_WHAT THE EXERCISE ASKS_: The lines to extract run from the start of the records through the line with "2021年9月,三沙市汽车总", both ends included; drop the pictures.
[[ AVAILABLE RECORDS open ]]
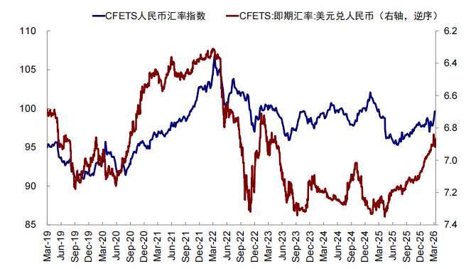 与当时有部分类似的是,受特朗普第二次当选总统后一系列破坏国际秩序和削弱对美元资产信任度的政策(如“对等关税”、格陵兰事件、伊朗冲突等)影响,“去美元化”叙事自2025年4月以来在全球投资者中不断发酵,美元指数从2025年1月110的高点最低降至2026年1月95.7的低点,也成为人民币对美元汇率走强的客观条件。
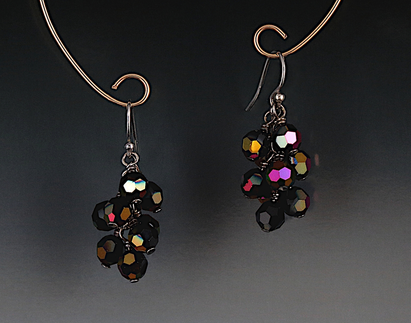 These delightful earrings are sure to become a favorite accessory. They feature clusters of 6mm high quality European crystals wire wrapped to tiny sterling silver chains. They hang 1 inch below the sterling ear wires.
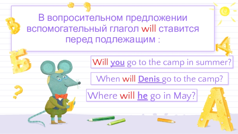 В вопросительном предложении вспомогательный глагол will ставится перед подлежащим :
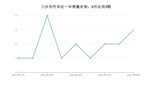 2021年9月,三沙市汽车总销量为3辆,同比增长200%,环比增长50%。1-9月份,三沙市总销量为17辆,同比增长750%。在最近1年中,三沙市销量在2021年03月达到最高,销量为4辆。
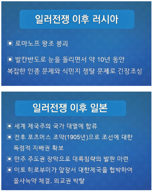 이 애기판에서 동양 제국주의 일본과 서양 제국주의 러시아가 한반도를 중심으로 판을 대하게 되었다. 본래 동양에 속했던 러시아는 표트르 대제 때 개혁을 통해 근대화를 가속하였다. 이후 러시아는 영토 확장과 함께 겨울철에 얼지 않는 부동항不凍港을 얻기 위해 남하를 시작하였고, 인도印度의 이권을 지키기 위해 이를 저지한 대영제국 간에 ‘그레이트 게임The Great Game’이 벌어졌다. 이 게임은 중앙아시아 내륙에서 충돌하다가 중국과 극동 지역으로 확대되었고, 러일전쟁에서 러시아가 패배하면서 막을 내렸다.
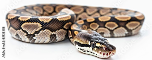 Obraz premium Ball python snake on white background, studio shot. Exotic reptile, wildlife and pet concept
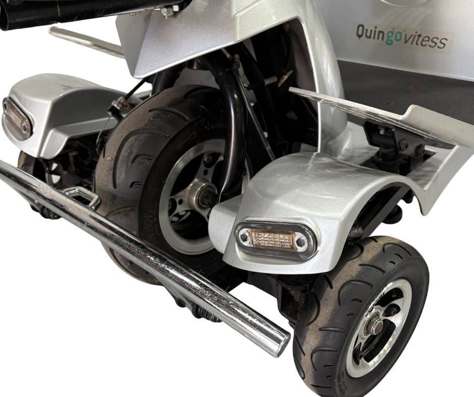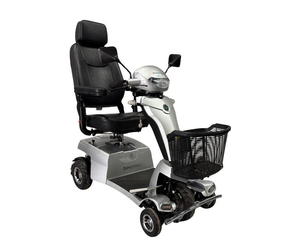 De Quingo Vitess is een opvallende en innovatieve scootmobiel met een unieke vijfwielconstructie. Dit systeem zorgt voor extra stabiliteit tijdens het rijden en tegelijkertijd voor een relatief kleine draaicirkel. Hierdoor is de scootmobiel zowel geschikt voor gebruik in woonwijken als in winkelgebieden.
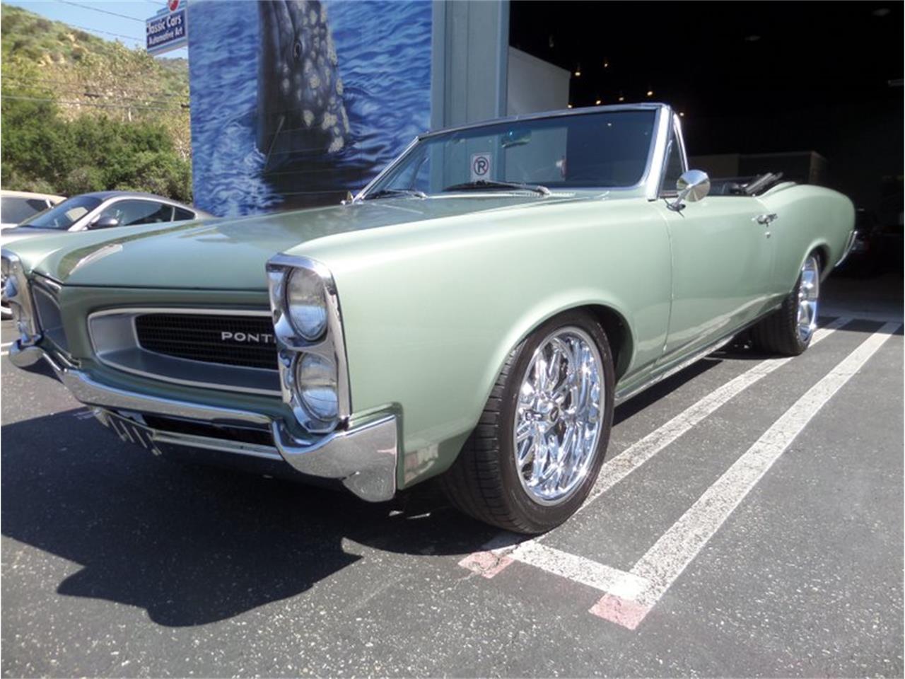 This gorgeous Lemans convertible is stunning with flawless paint and chrome, black cloth convertible top and complimented by sparkling new wheel and tires. Here is a list of all the improvements and or replaced parts: 350 Motor with a 700R 4 Speed Transmission (Only 1011 Miles) Holly Sniper EFI Fuel Management System. Including the Gas Tank and the in-Tank Fuel Pump System. Disc brakes all the way around All Suspension parts have been replaced and upgraded. Upper Control Arms, Lower Control Arms, Tie- Rods, Ball Joints, Front and Rear Ways Bars and Coil-Over Shocks Front & Rear. (Ride Height Can Be Changed Very Easily) Borgeson Gear Box System that has Rack N Pinion like responses. 12.2 ratio Every Part was Replaced on the Convertible Top including the motor, Cylinders, Lines, Pads, Chrome Dash Switch and the new Beautiful Black Canvas Top. Dash was Replaced with a Dakota Digital, Custom Auto Stereo (300W) with Hands-Free and Bluetooth Upgraded to Kenwood and all the speakers both in dash and Kick Panels (Sound Good!) Dash Pad was replaced to. (The Whole Dash Looks Amazing!) Better than stock. Upgraded Leather Rapped Steering with Pontiac Logo New Glove Box Trunk was completely restored Rear Taillights Were Upgraded to LED by Dakota Digital Chrome US Mag Wheels with Pontiac Logos 18x8.0 front and 20x9.5 rear with Falken Tires.
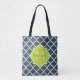 En elegant navy blue quatrefolied mönstrad till väskan med ett skallopat märke i en vibrerande vår-grönt som du kan anpassa genom att lägga till ditt namn och en monogrammatisk inledning i. Detta är en del av Sailor Blue and Lime Slå Vår-samlingen.
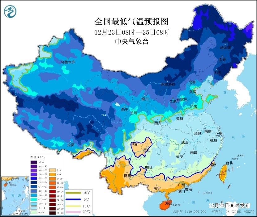 央視網(wǎng)消息:中央氣象臺12月23日06時發(fā)布低溫藍(lán)色預(yù)警:預(yù)計(jì),12月23日08時至25日08時,內(nèi)蒙古河套地區(qū)、陜西北部、華北西部和中南部、東北地區(qū)南部、黃淮及其以南大部地區(qū)日最低氣溫或平均氣溫較歷史同期偏低5℃以上,其中,內(nèi)蒙古河套地區(qū)、遼寧北部、河北中南部、江南大部、華南北部等地的部分地區(qū)偏低7℃以上,最低氣溫0℃線將位于貴州西南部至華南北部一帶。
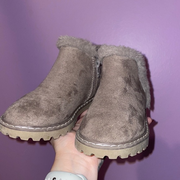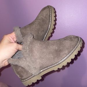 Gently worn fur trimmed grey booties
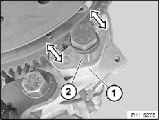 Make sure that the special tool (1) completely engages in the flywheel teeth (see arrow)
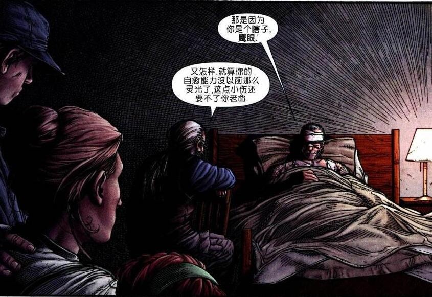 这时,我们通过背影,看到鹰眼已经是满头白发,尽显沧桑。而躺在病床上的金刚狼说道“你是个瞎子”。
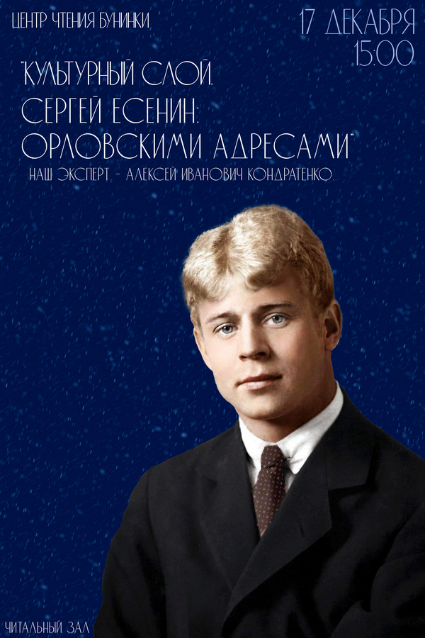 17 декабря 2025 года в 15:00 в читальном зале Орловской областной библиотеки им. И, А. Бунина состоится встреча в рамках проекта-полилога «Культурный слой» под названием – «Сергей Есенин: орловскими адресами».
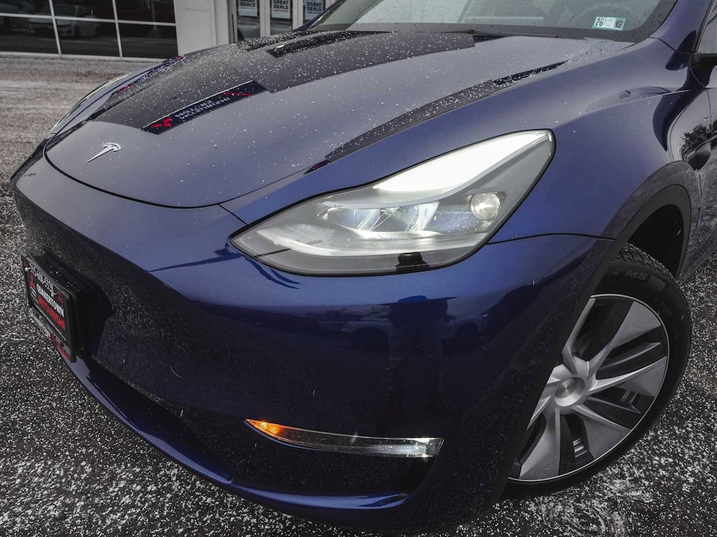 2024 Tesla Model Y Long Range ONE OWNER, BLUE TOOTH, NEW PA STATE INSPECTION, FULLY RECONDITIONED, NAVIGATION, ALLOY WHEELS, PANORAMIC SUNROOF, LEATHER, BACK UP CAMERA, Model Y Long Range, 4D Sport Utility, Electric Motor, 1-Speed Automatic, AWD, Deep Blue Metallic, Black w/Vegan Leather Seat Trim, 4-Wheel Disc Brakes, 5 Seat Interior, ABS brakes, Auto High-beam Headlights, Auto tilt-away steering wheel, Auto-dimming door mirrors, Auto-dimming Rear-View mirror, Automatic temperature control, Brake assist, Cruise control, Dual front impact airbags, Dual front side impact airbags, Electronic Stability Control, Exterior Parking Camera Rear, Four wheel independent suspension, Front Bucket Seats, Front dual zone A/C, Front fog lights, Fully automatic headlights, Genuine wood dashboard insert, Heated door mirrors, Heated front seats, Heated rear seats, Heated steering wheel, Illuminated entry, Knee airbag, Lane Departure Warning System, Low tire pressure warning, Memory seat, Navigation System, Occupant sensing airbag, Overhead airbag, Power door mirrors, Power driver seat, Power Liftgate, Power passenger seat, Radio: Premium Audio System w/13 Speakers, Rain sensing wipers, Rear window defroster, Security system, Steering wheel memory, Steering wheel mounted A/C controls, Telescoping steering wheel, Traction control, Vegan Leather Seat Trim, Wheels: 19" x 9.5" Gemini Dark. 122/112 City/Highway MPG
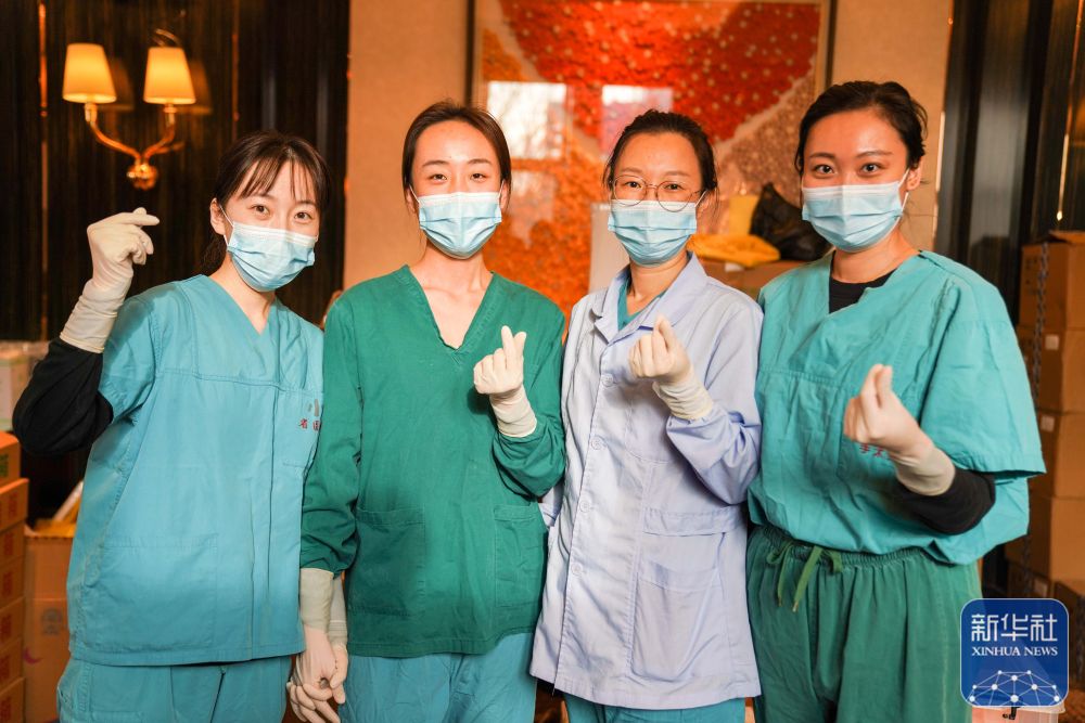 ↑刘冰(左一)在“火眼”移动方舱实验室驻地与同事合影(11月15日摄)。
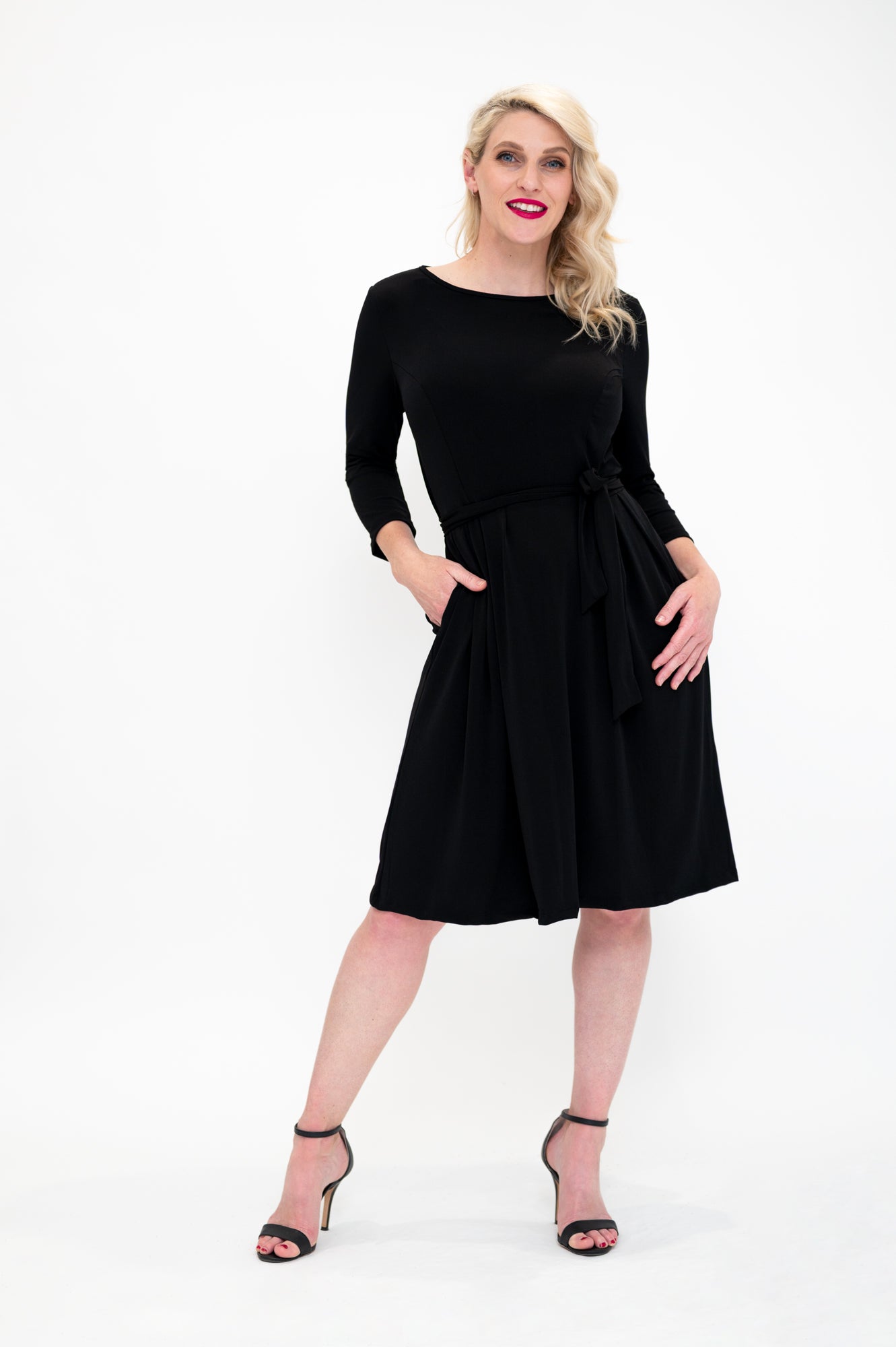 Fitted with two pockets, 3/4 sleeves, a scoop neckline and a waist tie fitted at the centre back of the bodice, the Lana is easily styled for the office or work environments whilst also being a great casual option.
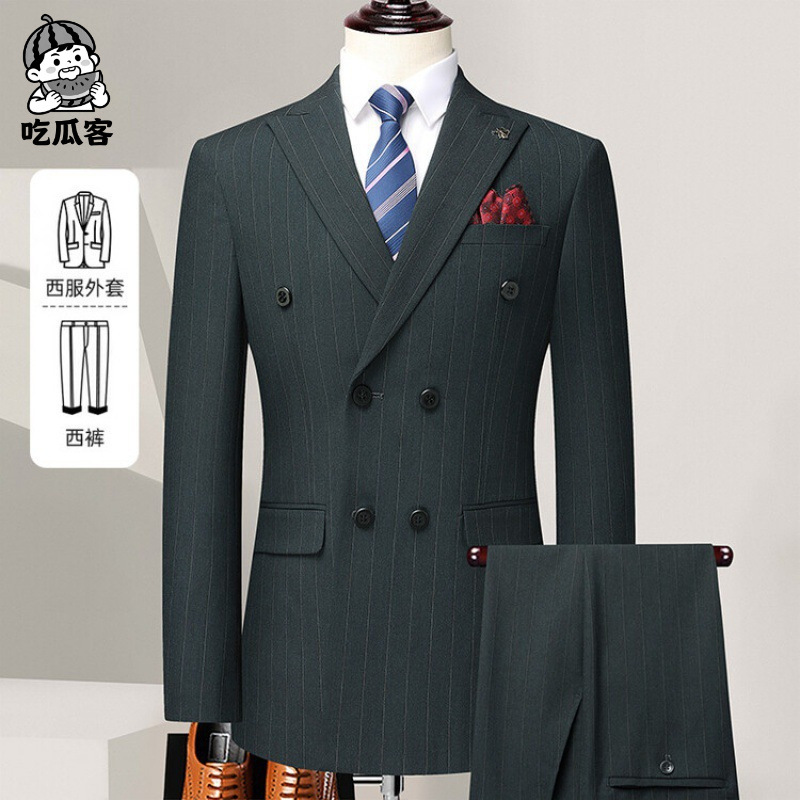 Setelan jas pria 2025 musim semi dan gugur, model double-breasted untuk bisnis dan pernikahan, pakaian pengantin pria kelas atas
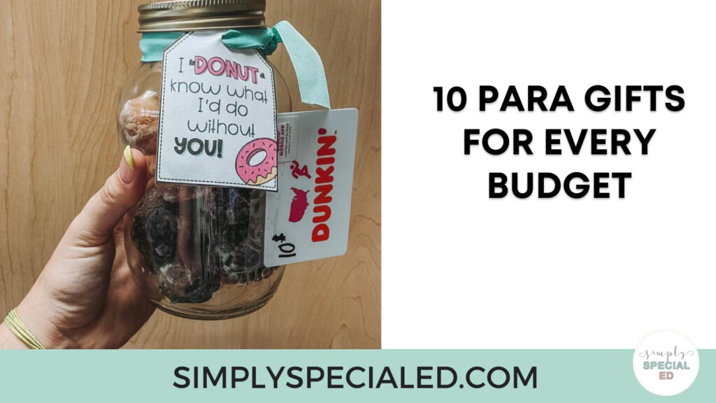 Paraprofessional gifts don’t have to expensive and time consuming. They can be simple, meaningful and budget friendly! Next time you need a gift for your paraprofessional, refer back to this list! To find more para gift ideas, check out this blog, https://www.simplyspecialed.com/holiday-gifts-for-paras/.
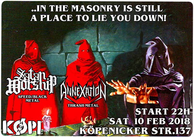 Einen feinen Geheimtipp haben wir für die Berliner Maniacs noch auf der Palette, welchen wir Euch natürlich nicht vorenthalten wollen. In diesem Fall handelt es sich um den Gig von SATAN WORSHIP, einer deutsch/brasilianischen Speed/Black Metal Konstellation. Keine Unbekannten werkeln hier an ihrem teuflischen Rifforkan, mit Marc von MORGOTH und Max und Fabiano von SODOMIZER werden sie sicherlich ein lautstarkes Teufelswerk gegen den Altar schmettern. Unterstützt werden sie von zwei weiteren Berliner Kapellen, SHRIKE und ANNEXATION, letztere sind mir bis dato noch nicht unter die Lauschmuschel gerutscht, sägen aber ein ein angemessenes, raubeiniges Thrash Manifest! Beginn ist 22:00 im Köpi (Köpenicker Str.137), also genau das
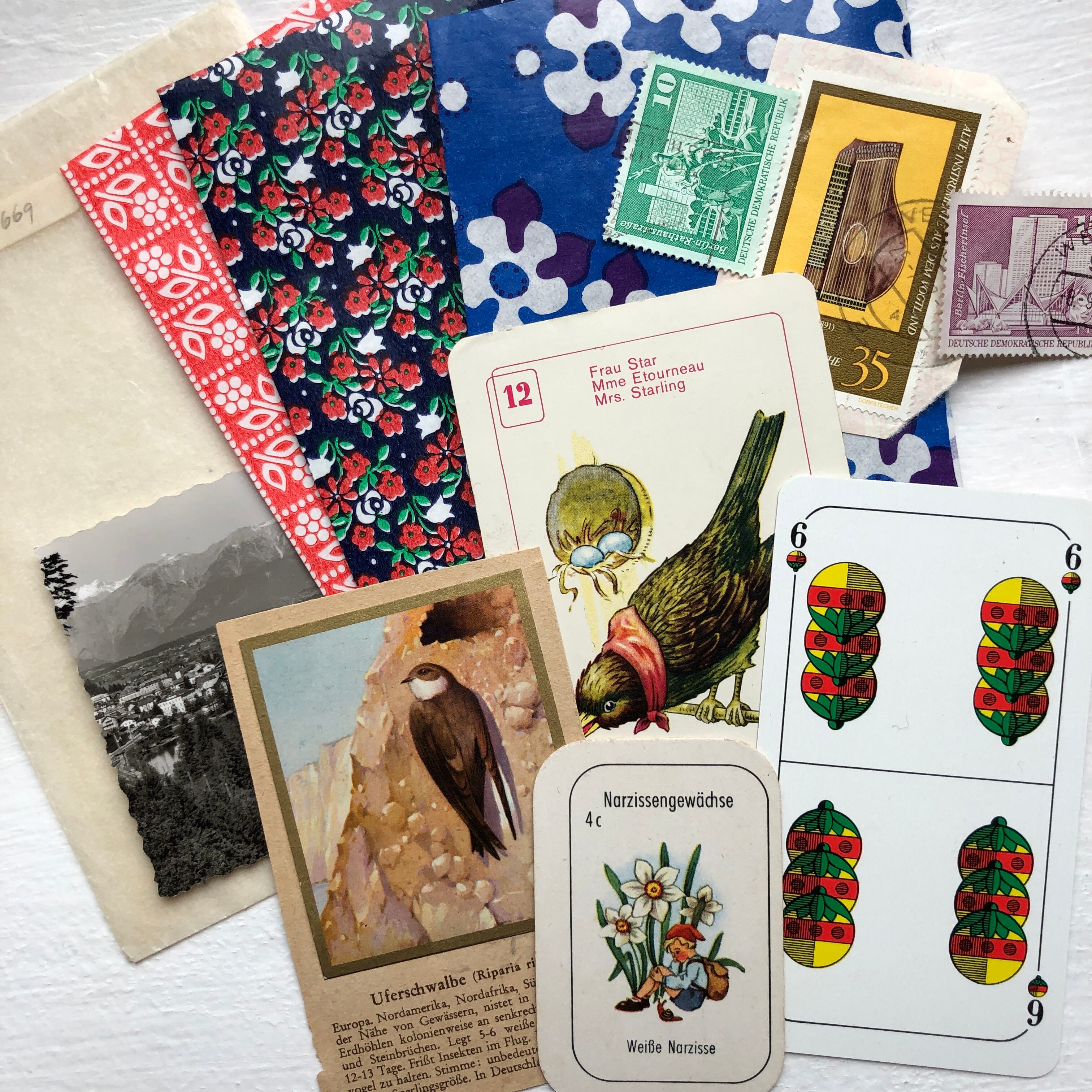 1枚目の写真はカードを中心としたセット。トランプやカードゲームのカード、DDRのヴィンテージペーパー、図鑑のような本に貼られた鳥のカードの切り抜きなどなど、紙もの好きさんにはたまらないさまざまなアイテムがぎゅっと詰まったセットです。全部をコラージュしても、1枚ででも飾ってみたらかわいいと思います。
[[ AVAILABLE RECORDS closed ]]
_EXPECTED ANSWER_:
 与当时有部分类似的是,受特朗普第二次当选总统后一系列破坏国际秩序和削弱对美元资产信任度的政策(如“对等关税”、格陵兰事件、伊朗冲突等)影响,“去美元化”叙事自2025年4月以来在全球投资者中不断发酵,美元指数从2025年1月110的高点最低降至2026年1月95.7的低点,也成为人民币对美元汇率走强的客观条件。
 These delightful earrings are sure to become a favorite accessory. They feature clusters of 6mm high quality European crystals wire wrapped to tiny sterling silver chains. They hang 1 inch below the sterling ear wires.
 В вопросительном предложении вспомогательный глагол will ставится перед подлежащим :
 2021年9月,三沙市汽车总销量为3辆,同比增长200%,环比增长50%。1-9月份,三沙市总销量为17辆,同比增长750%。在最近1年中,三沙市销量在2021年03月达到最高,销量为4辆。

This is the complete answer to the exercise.